Bug #1979296 reported by bugproxy
6
This bug affects 1 person
Affects Status Importance Assigned to Milestone
Ubuntu on IBM z Systems
Fix Released
High
Skipper Bug Screeners
linux (Ubuntu)
Invalid
Undecided
Unassigned
Focal
Fix Released
High
Canonical Kernel Team
Jammy
Fix Released
High
Canonical Kernel Team

Bug Description

SRU Justification:
==================

[Impact]

 * On IBM Z secure execution environments under heavy load
   (means with over-committed resources - KVM guests)
   rcu_sched self-detected stalls can occur,
   which lead to LPAR crashes.

[Fix]

 * 57c5df13eca4 57c5df13eca4017ed28f9375dc1d246ec0f54217 "KVM: s390: pv: add macros for UVC CC values"

 * 1e2aa46de526 1e2aa46de526a5adafe580bca4c25856bb06f09e "KVM: s390: pv: avoid stalls for kvm_s390_pv_init_vm"

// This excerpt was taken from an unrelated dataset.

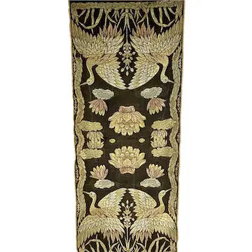 Vintage Chinese Gold Silver Copper Brocade Panel of Cranes

 * f0a1a0615a6f f0a1a0615a6ff6d38af2c65a522698fb4bb85df6 "KVM: s390: pv: avoid stalls when making pages secure"

[Test Plan]

 * An IBM z15 or LinuxONE III LPAR with FC 115 (secure execution)
   enabled is required.

 * Installation of Ubuntu Server 20.04 LTS (18.04 with hwe-5.4)
   or 22.04 LTS on top.

 * Install a kernel that incl. the above two patches/commits

 * Bring the system under high load with KVM guests.

 * Monitor dmesg for 'rcu_sched self-detected stalls'
   and/or look for crashes.

 * Due to hardware requirements this test needs to be conducted by IBM.

[Where problems could occur]

 * The definition from 57c5df13eca4 are missing in both jammy
   and focal, but shouldn't harm.

 * The change in 1e2aa46de526 only uses uv_call_sched instead
   of just uv_call, which should lead to a snappier system
   under high load, but may consume overall some more cycles.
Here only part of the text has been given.